Kris Sankaran (UW Madison)
2021-04-15

Reading, Recording, Rmarkdown

library("dplyr")
library("ggplot2")
library("purrr")
library("rstan")
library("tidyr")
theme479 <- theme_minimal() + 
  theme(
    panel.grid.minor = element_blank(),
    panel.background = element_rect(fill = "#f7f7f7"),
    panel.border = element_rect(fill = NA, color = "#0c0c0c", size = 0.6),
    legend.position = "bottom"
  )
theme_set(theme479)
  1. From the previous notes, we see that an exploratory analysis can motivate few plausible models for a dataset. How should we go about choosing between them?
f <- tempfile()
download.file("https://uwmadison.box.com/shared/static/2pzgdu7gyobhl5tezo63tns7by1aiy6d.rda", f)
GM <- get(load(f))
  1. In some of your other classes, you might have seen people use cross-validation / test set error. While this is useful (and relatively automatic), it can be a black box. An alternative which often brings mores insight into the structure of the problem is to use prior and posterior predictive distributions for (visual) model comparison.

Prior predictive distributions

  1. The prior predictive distribution can be used to decide whether certain model families are reasonable candidates for a problem, before formally incorporating the evidence coming from the data.

  2. The idea is that if we can write down a generative model, then we can simulate different datasets with it, even before estimating the model parameters. This is often the case in Bayesian models, where we can (a) sample parameters from the prior, and (b) simulate data from the model with those parameters.

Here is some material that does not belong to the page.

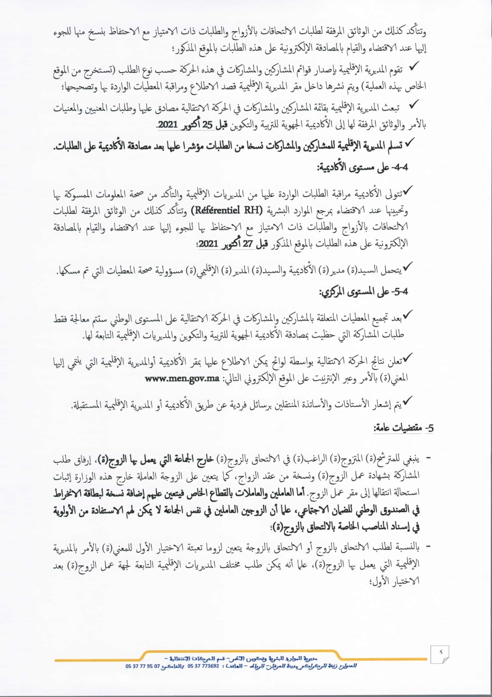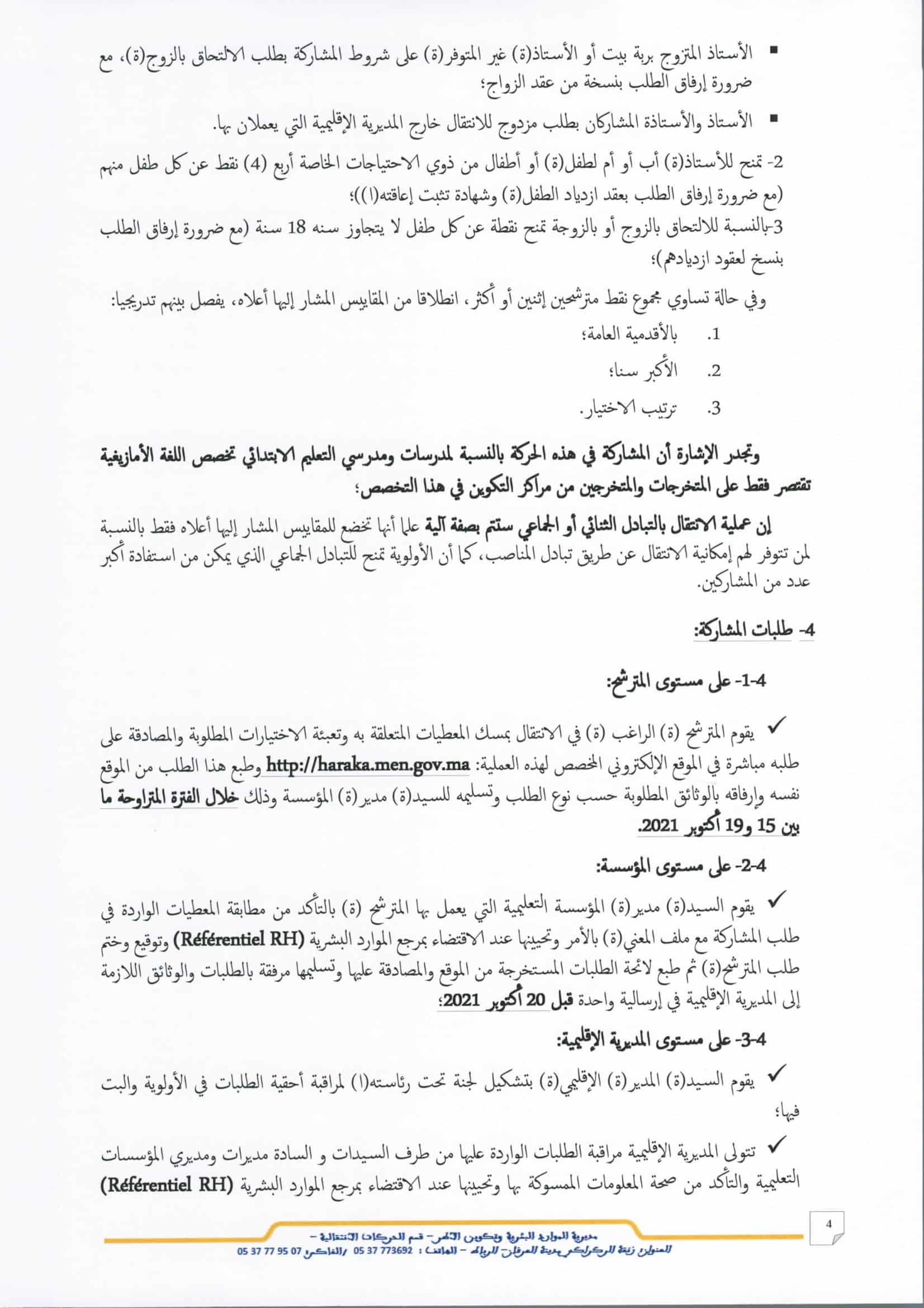 الحركة الانتقالية 2021-2022 Haraka الوطنية الجهوية والمحلية, طريقة التسجيل الجديدة والشروط وآخر اجل والوثائق المطلوبة بحسب وضعية كل طلب وفق المذكرة الصادرة بشهر اكتوبر وذلك عبر موقع الحركة الانتقالية الجديد (haraka.men.gov.ma).

  3. If the simulated datasets are plausible, then the overall model class is a reasonable one. If they are not, then the model class should be modified. Either the prior or the likelihood might need revision.

  4. For example, in the example below, we simulate datasets using both a vague and an informative prior. Vague priors are often recommended because they are « more objective » in some sense. However, in this case, we see that the simulated datasets are not even remotely plausible.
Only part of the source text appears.